There is a very nice chronological touch, in the form of a footer time-line that takes the reader from 1600 B.C. to A. D. 800. The narrative is smooth, punctuated effectively by examples from legend, archaeology and historical literature. However, the best thing about this book is the graphics [Comic book geeks and contact-weaponry meatheads take note.] The color illustrations of Jeff Burn rival anything put out by Osprey Books. Overall the graphics are highly professional, including Clive Spong’s black & white illustrations, the artifact photos, battle plans, equipment drawings, tactical diagrams, and maps. This was a huge team effort.
To me though, the heart and soul of this book is the illumination of John Warry’s narrative by Jeff Burn’s gripping, grimy and grim art, exemplified by the Spartan warrior on page 47, who you could imagine doing nothing else but killing less well trained foes. The runner-up for scariest depiction is the Thracian peltast on page 50, who looks so dirty you can smell him. As I look at the box spanning two pages dominated by this dirty Thracian, let me describe how well presented the subject is:
The six-inch tall Thracian has a caption to the left, next to his head, that continues down to the right.
To the right is a sequential series of six two-inch tall black & white figures demonstrating his javelin casting technique, with a caption below explaining the sequence.

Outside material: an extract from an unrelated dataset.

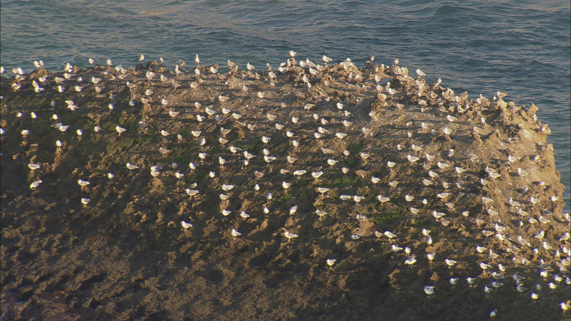 A flock of terns landing on a rock

Beneath, and to the right, is a god’s-eye-view of a 40 [half-inch tall figures] man hoplite formation facing 14 of these peltast skirmishers, with a caption describing the skirmishing tactics.
Beneath, and to the right, is two three-inch high black & whites of other types of ethnic peltasts, at rest, and on the march, with a caption describing their load-bearing techniques while on campaign.
What I just described is nothing more than a subject-box spanning half of two pages. Whether you are an experimental combat enthusiast, movie stunt coordinator, historian, wargamer, or an author writing historical fiction or narrative, this kind of sourcebook is indispensible. I hope, for your sake, that it is still in print, because you cannot borrow mine.